NTCOSS welcomes the Australian Labor Party’s commitment to scrap Compulsory Income Management if elected at the upcoming federal election.
NTCOSS CEO Deborah Di Natale says she looks forward to seeing more detail on this, with better policies and strong leadership needed in this space.
“We want to see all major parties match this commitment to scrap this bad policy,” she said.
“Compulsory Income Management is a discriminatory and coercive policy, affecting more than 24 thousand Territorians – the vast majority of whom are Aboriginal and Torres Strait Islander people.”
“Meaningful co-design and self-determination must be the cornerstone for any future policies income management should only ever be offered on an opt-in basis,” she said.
NTCOSS has long held concerns about Compulsory Income Management, its impacts on people’s mental health and the significant issues it can pose on remote Territorians.
“Only last year we saw Maningrida residents left without access to the essentials when the internet went down,” Deborah Di Natale said.
“People spent days without access to food, nappies, electricity, and petrol.”

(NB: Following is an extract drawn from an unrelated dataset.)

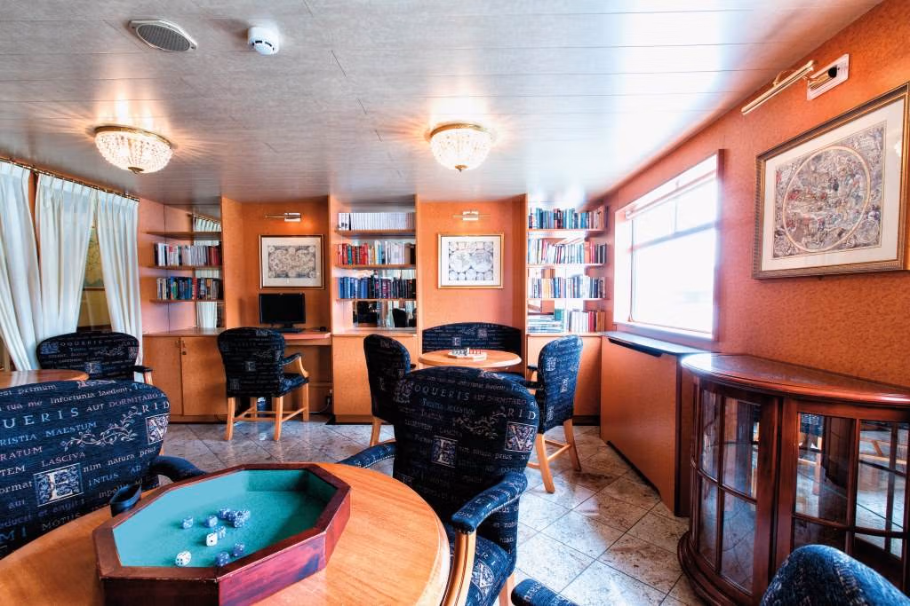 Laivan vastaanotto sekä matkamuistomyymälä sijaitsevat sisääntuloaulassa. Tyylikäs ravintola sekä pieteetillä sisustettu panorama-lounge yhdessä baarin kanssa takaavat matkustajien viihtyvyyden. Laivalla on myös kirjasto sekä sisäuima-allas ja sauna. Aurinkokannelta on mukava sään salliessa katsella matkan etenemistä ja jokivarsien maisemia.

“When these things happen it’s very difficult for remote Territorians to get help, because Centrelink resources to remote communities have been cut,” she said.
Many remote Territory communities rely on cash economies and compulsory income management is essentially locking people out of local trade.
The people hardest hit are often women. We have heard cases where women haven’t been able to readily escape domestic violence, because they have their rent automatically paid from their quarantined income. Setting up and changing rental payments takes time and DFSV victim survivors are finding themselves unable to pay for alternative accommodation because their money has gone to the home they have just escaped.
“The next step is for politicians from all walks to acknowledge that even without income management – $46 a day is not enough to live on,” NTCOSS CEO Deborah Di Natale said.
“We need to see a permanent increase to the rate of income support to at least $70 a day, and it’s deeply disappointing that there has been no leadership in this space from either major party.”